■ **Instructions to follow**:
Include the line containing "公司利用釘釘工作交流群對(d" and all lines before it, repeated exactly from the listing below, without pictures.

■ **Raw data**:
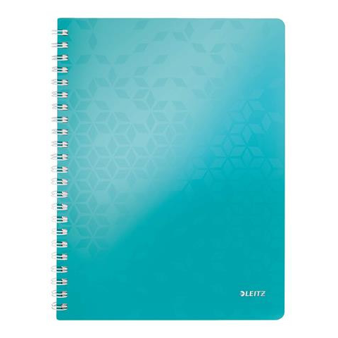 Spirálfüzet, A4, vonalas, 80 lap, LEITZ Wow, jégkék A funkcionalitás és dizájn tökéletes kombinációja. Ragyogó WOW színekben és stílusos geometriai mintázattal a borítón. -lefűzhető tasakkal a különálló lapok számára -kettős színhatású PP borító kívü
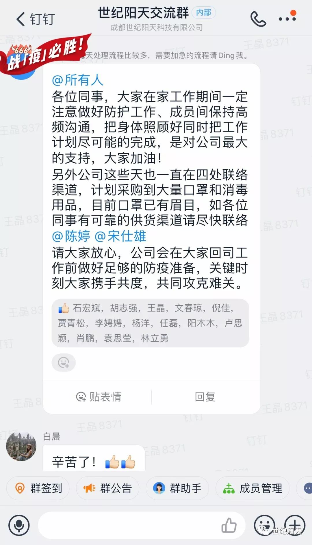 公司利用釘釘工作交流群對(duì)政府部門“疫情防控”的決策部署、疫情防控相關(guān)知識(shí)等進(jìn)行持續(xù)推送,并積極引導(dǎo)正面輿論;實(shí)時(shí)傳達(dá)向董事長對(duì)于疫情防控期間公司工作的安排部署。同時(shí)根據(jù)向董事長的要求,公司職能團(tuán)隊(duì)已于近期聯(lián)絡(luò)相關(guān)渠道,計(jì)劃采購大量防疫物資,確保全體員工在返回公司辦公前供應(yīng)穩(wěn)定。線上線下多管齊下,共同打好疫情防控戰(zhàn)役。
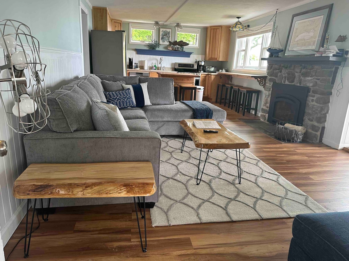 Bienvenido a Sunset Serenity. Ubicado a orillas del lago Ontario, relájate en este espacio tranquilo y elegante o disfruta de las puestas de sol de fama mundial desde el amplio patio trasero. Esta casa del lago recientemente remodelada ofrece todas las comodidades de estar en la ciudad, con la privacidad de unas vacaciones aisladas. Esta propiedad cuenta con dos amplios dormitorios, ambos con camas tamaño queen, un elegante baño con acabados de azulejos modernos y lo más destacado de este interior: el salón y la cocina de concepto abierto.

■ **Exercise result**:
 Spirálfüzet, A4, vonalas, 80 lap, LEITZ Wow, jégkék A funkcionalitás és dizájn tökéletes kombinációja. Ragyogó WOW színekben és stílusos geometriai mintázattal a borítón. -lefűzhető tasakkal a különálló lapok számára -kettős színhatású PP borító kívü
 公司利用釘釘工作交流群對(duì)政府部門“疫情防控”的決策部署、疫情防控相關(guān)知識(shí)等進(jìn)行持續(xù)推送,并積極引導(dǎo)正面輿論;實(shí)時(shí)傳達(dá)向董事長對(duì)于疫情防控期間公司工作的安排部署。同時(shí)根據(jù)向董事長的要求,公司職能團(tuán)隊(duì)已于近期聯(lián)絡(luò)相關(guān)渠道,計(jì)劃采購大量防疫物資,確保全體員工在返回公司辦公前供應(yīng)穩(wěn)定。線上線下多管齊下,共同打好疫情防控戰(zhàn)役。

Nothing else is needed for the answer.